Nigeria’s 2026 budget has now been approved, with total expenditure projected at about ₦68.32 trillion. On paper, that should provide fiscal direction and policy certainty for the year ahead. But increasingly, the issue is no longer whether Nigeria has a budget. The more pressing question is whether the budget still functions as a serious instrument for planning, discipline, and accountability.

Over the years, Nigeria’s budgets have continued to grow in size, yet implementation outcomes remain difficult to reconcile with the scale of public spending being announced. Roads remain abandoned, contractors complain of delayed payments, public hospitals continue to struggle with inadequate infrastructure, while insecurity persists despite repeated increases in security allocations.

This growing disconnect between appropriation and execution is raising a difficult but necessary question: has Nigeria’s annual budget gradually become more ceremonial than functional?

Part of the concern lies in how recent budgets are now structured. The 2026 budget is not only expected to finance new government priorities; it is also carrying unresolved obligations from previous fiscal cycles.
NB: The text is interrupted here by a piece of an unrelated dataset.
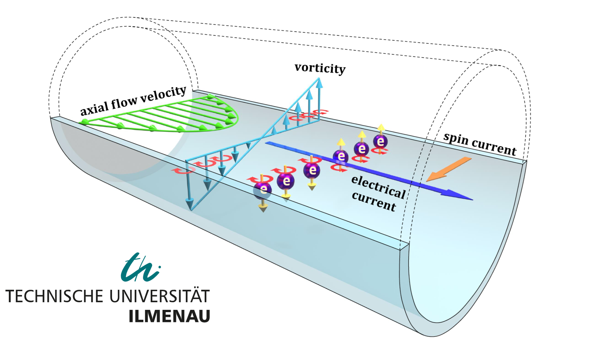 Laptop- und Handyspeicher der neuesten Generation nutzen Erkenntnisse eines der jüngsten Forschungsgebiete der Nanoelektronik: der Spintronik. Die heutige Datendichte moderner Endgeräte wäre unmöglich ohne den von Peter Grünberg entdeckten und 2007 mit dem Physik-Nobelpreis gewürdigten Riesenmagnetowiderstand, einem Phänomen, das auf einer kollektiven Dynamik des Spins, des Eigendrehimpulses der Elektronen, beruht. In der Arbeit, die nun von Physical Review Applied zur Publikation angenommenen wurde, untersuchten Forscher um Prof. Christian Cierpka und Prof. Jörg Schumacher von der TU Ilmenau einen anderen spintronischen Effekt. In einer Serie von Experimenten verifizierten und erweiterten sie erstmals frühere Untersuchungen einer japanischen Forschergruppe aus Sendai: Mithilfe der kollektiven Kopplung der Spins an Strömungswirbel wurde eine elektrische Spannung erzeugt.
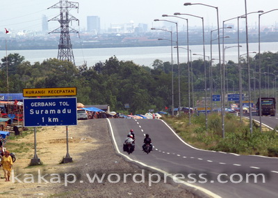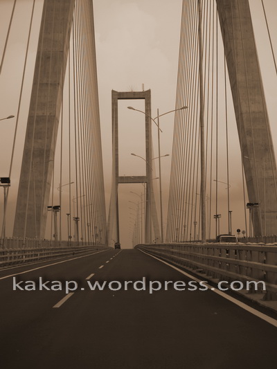 Sebelum ada jembatan Suramadu yang sepuluh Juni besok genap setahun itu, pernah dulu beberapa kali sekedar iseng menyeberangi selat Madura dengan menaiki ferry, tapi tak pernah cukup ke jauh dalamnya. Demikian pula setelah jembatan Suramadu itu diresmikan, beberapa kali pula aku mengantarkan permintaan beberapa kawan dan sanak kerabat untuk sekedar melewati jembatan terpanjang di Indonesia yang membentang sepanjang 5,438 kilometer itu, tanpa mencoba mengenal ebih dekat lagi.

Government planning documents indicated that as much as 70 percent of the 2025 capital budget would be rolled into the 2026 fiscal year, further blurring the line between annual appropriations and accumulated obligations from the past.

The implication is straightforward: every new budget now begins with inherited pressures before implementation even starts.

That concern is reinforced by implementation performance itself. As of the third quarter of 2025, reports indicated that only about ₦3.10 trillion, representing roughly 17.7 percent of the 2025 capital budget, had been released despite major infrastructure commitments across sectors. This raises legitimate concerns about government’s ability to translate ambitious appropriations into measurable outcomes within the fiscal year.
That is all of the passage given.